I don't think the initial reservation would trigger any limits; presumably it would be mapped with PROT_NONE and shouldn't actually result in any physical memory mappings. But maybe I'm wrong about that?

rdunnington commented 7 months ago

Yeah it could be I'm mistaken as well, I should probably just write some code on Linux to confirm either way. It's just that all the docs I read that talk about overcommit don't seem to distinguish between the initial allocation and differing mapping types.

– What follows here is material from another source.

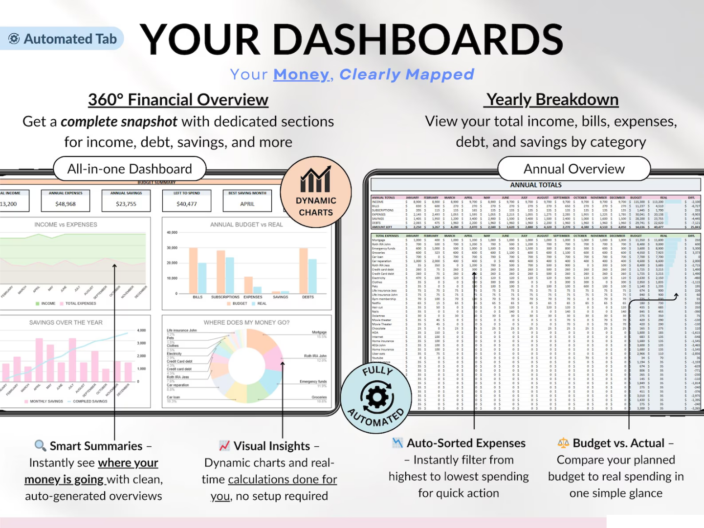 👨👩👧 Track your entire year with 23 powerful tabs: monthly budgets, sinking funds, debt tracker, net worth & more.
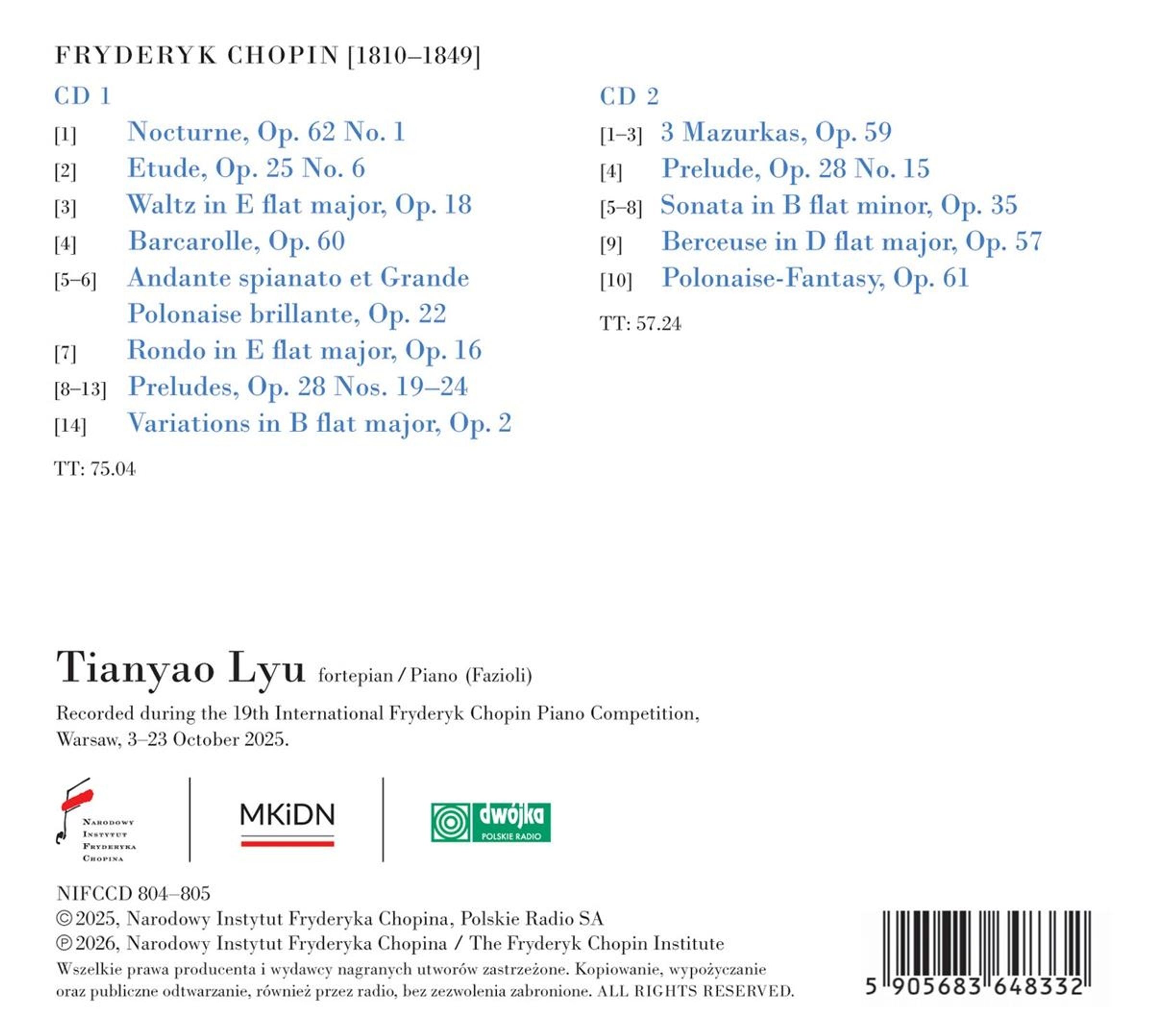 Nocturne Nr. 17; Etude Nr. 17; Walzer Nr. 1; Barcarolle op. 60; Andante spianato & Grande Polonaise brillante op. 22; Rondo op. 16; Preludes Nr. 15, 19-24; Variationen op. 2; Mazurken Nr. 36-38; Berceuse op. 57; Polonaise-Fantasy op. 61

bvisness commented 7 months ago

I know that for Android specifically, the OOM killer really only cares about resident memory, i.e. memory with physical mappings. At least that is what I gather from this page. (RSS, PSS, and USS are all metrics of resident memory, just with different accounting of shared memory.)

In general I think this makes sense, and I would be surprised if other Linux distros were killing things based on commit alone, since killing any process with low physical memory use will not really improve memory pressure!

rdunnington commented 7 months ago

Yeah I agree that makes sense, but my concern is for users that have completely disabled overcommit (e.g. on desktop Linux). My understanding is in that scenario, if a program requests an allocation size that the system cannot satisfy with physical pages, it will fail the allocation (return NULL). But again, my understanding could be wrong, that was just my impression from reading the docs, I need to verify.